Recommendation: Keep markdown as source of truth. Add a lightweight dream cycle for consolidation. Add compiled entity pages. Optionally add SQLite FTS5 for hybrid search. Do not adopt GBrain wholesale — steal the "compiled truth + timeline" page pattern and the dream cycle concept instead.

1. Current Landscape

The Ten Systems

System Architecture Storage Retrieval Open Source Production-Ready
GBrain (Garry Tan)Markdown + pgvector hybridGit-backed .md files + PostgresHybrid: vector + keyword + RRFYes (MIT)Personal use
MemGPT / LettaOS-inspired tiered memoryMessage buffer + core + recall + archivalAgent-managed pagingYesYes (Letta platform)
Mem0Universal memory layerMulti-scope (user/agent/session/org)Graph + vector + keywordYesYes (186M API calls/quarter)
LangMemSDK for agent learningLangGraph BaseStoreSemantic + episodic + proceduralYesLangChain ecosystem
LlamaIndexComposable memory modulesPluggable backendsVector + summary + composableYesRAG-heavy workflows
Obsidian + MCPVault as memory backend.md files in foldersBM25 or grepCommunityPersonal use
Karpathy LLM WikiCompiled markdown knowledge baseraw/ + wiki/ + schemaOptional BM25/hybridConcept (gist)Concept
OpenAI AssistantsServer-managed threadsOpenAI serversFull-thread re-processingNoBeing deprecated (Aug 2026)
Anthropic MemoryFile-based, client-side/memories directoryGlob/grep + compactionPartial (MCP)Yes (Claude Code)
Devin (Cognition)DeepWiki + proprietaryProprietaryCode-specialized indexingNoEnterprise ($500/mo)

Key Observations

Convergence on files: Three independent high-profile systems (Claude Code, GBrain, Manus) converged on markdown files as the memory substrate. Harrison Chase (LangChain) explicitly stated: "I very, very strongly believe that if you're building a long-horizon agent, you need to give it access to a file system." This is not a coincidence — files are inspectable, versioned, portable, and work with every tool.

MemGPT's conceptual influence: Even systems that don't use MemGPT's code adopt its mental model — tiered memory with working/short-term/long-term layers and agent-managed promotion between tiers. This is the dominant conceptual framework in the field.
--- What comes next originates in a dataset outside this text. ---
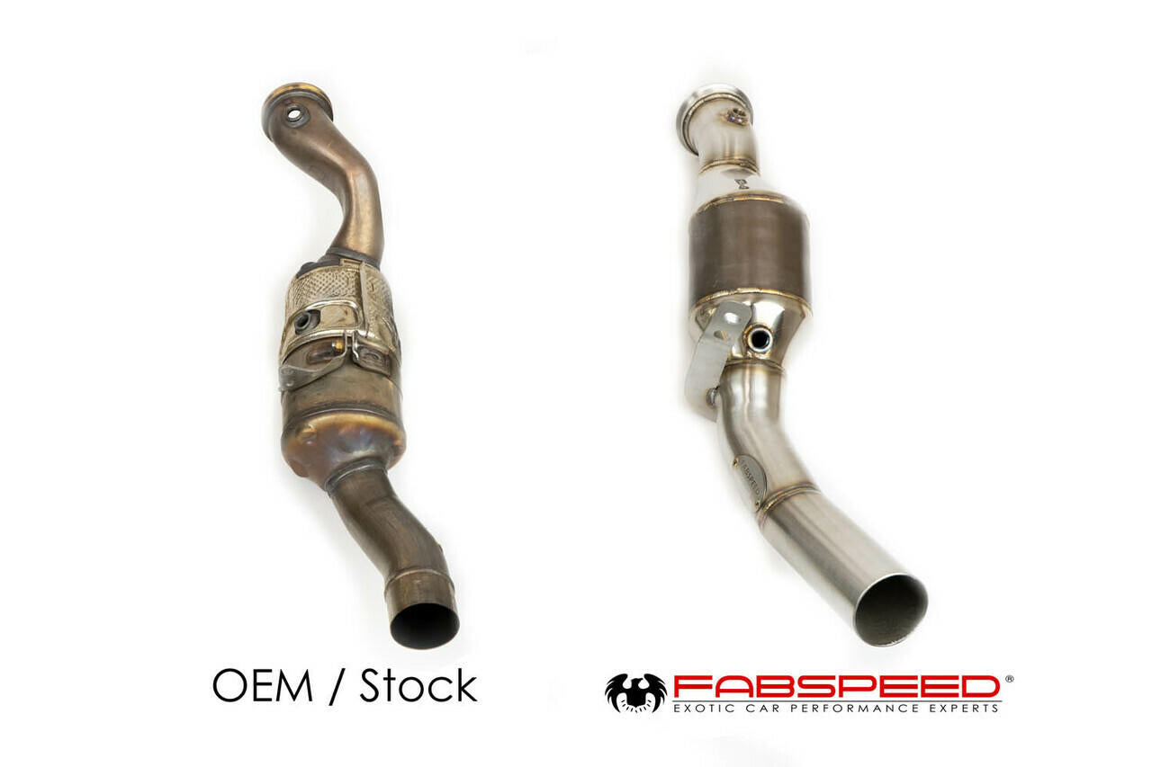 Fabspeed HJS German tri-metallic catalytic converters are State of the Art ultimate emission legal performance enhancing components. Your sports car , SUV and Truck equipped with HJS German catalytic converters is 100% Guaranteed to make more Horsepower, Torque, enhanced sports car, better fuel economy than any OEM stock catalytic converter and or ANY Illegal Cat Bypass pipe downtube. In fact, if you have any older cars, used cars and or cars with FAILING, DELETED or Butchered catalytic converters then do yourself a favor and UPGRADE your car with a set of Fabspeed HJS German high-flow trimetallic OBD2 European Certified Homologated catalytic converters. Its the Right thing to do to achieve CLEAN and GREEN Performance and leave absolutely nothing on the table for performance and sports car sound. Furthermore all the Air we breathe globally is not affected by using cat-bypass pipes or stupid solutions like Non Catted downtubes.

Mem0 is the production benchmark: With 186M API calls/quarter and published benchmarks (26% accuracy improvement over OpenAI, 91% lower p95 latency, 90% token cost savings), Mem0 is the system to beat on quantitative metrics. Its graph memory variant adds entity relationship tracking.
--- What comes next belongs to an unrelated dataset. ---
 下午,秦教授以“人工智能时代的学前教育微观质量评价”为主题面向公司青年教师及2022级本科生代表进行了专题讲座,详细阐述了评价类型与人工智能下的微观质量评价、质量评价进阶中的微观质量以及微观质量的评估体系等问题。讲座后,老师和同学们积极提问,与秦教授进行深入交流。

GBrain's specific contribution: The "compiled truth + timeline" page model is genuinely novel. Each entity page has a rewritable top section (current understanding) and an append-only bottom section (evidence trail with dates). This separates the compiled state from the raw evidence — you can always trace why the system believes something.

2. Retrieval Architectures

The Four Approaches

Vector-only (pgvector, Pinecone, Weaviate, Chroma)

Keyword-only (FTS5, Elasticsearch)

Hybrid (RRF + reranking)

Graph-based (Neo4j, GraphRAG, Graphiti)

What Luci Uses Today

Luci currently uses grep + glob (keyword search over markdown files). This is equivalent to basic keyword retrieval with no semantic matching and no ranking. It works because:

  1. The corpus is small (~200 memory files, ~50 vault files)
  2. Entity names are explicit and greppable
  3. MEMORY.md index provides a manual routing layer

The gap: as the corpus grows, grep won't surface semantically related memories that don't share exact keywords.

Recommendation for Luci

Add SQLite FTS5 as a second retrieval path. This is the highest-value, lowest-cost upgrade:

  • Zero new dependencies (SQLite is already used for mc.db, vault.db, email.db)
  • Sub-millisecond BM25 ranking
  • Can index all memory files, vault entries, email subjects, and WhatsApp messages
  • Trivial to implement: CREATE VIRTUAL TABLE memory_fts USING fts5(...)
  • Does NOT require a vector database, embedding model, or GPU

Skip vector search for now. At Luci's scale (<1,000 memory entries), FTS5 + the existing grep/glob is sufficient. Vector search adds value at 10K+ entries. Revisit if the corpus grows.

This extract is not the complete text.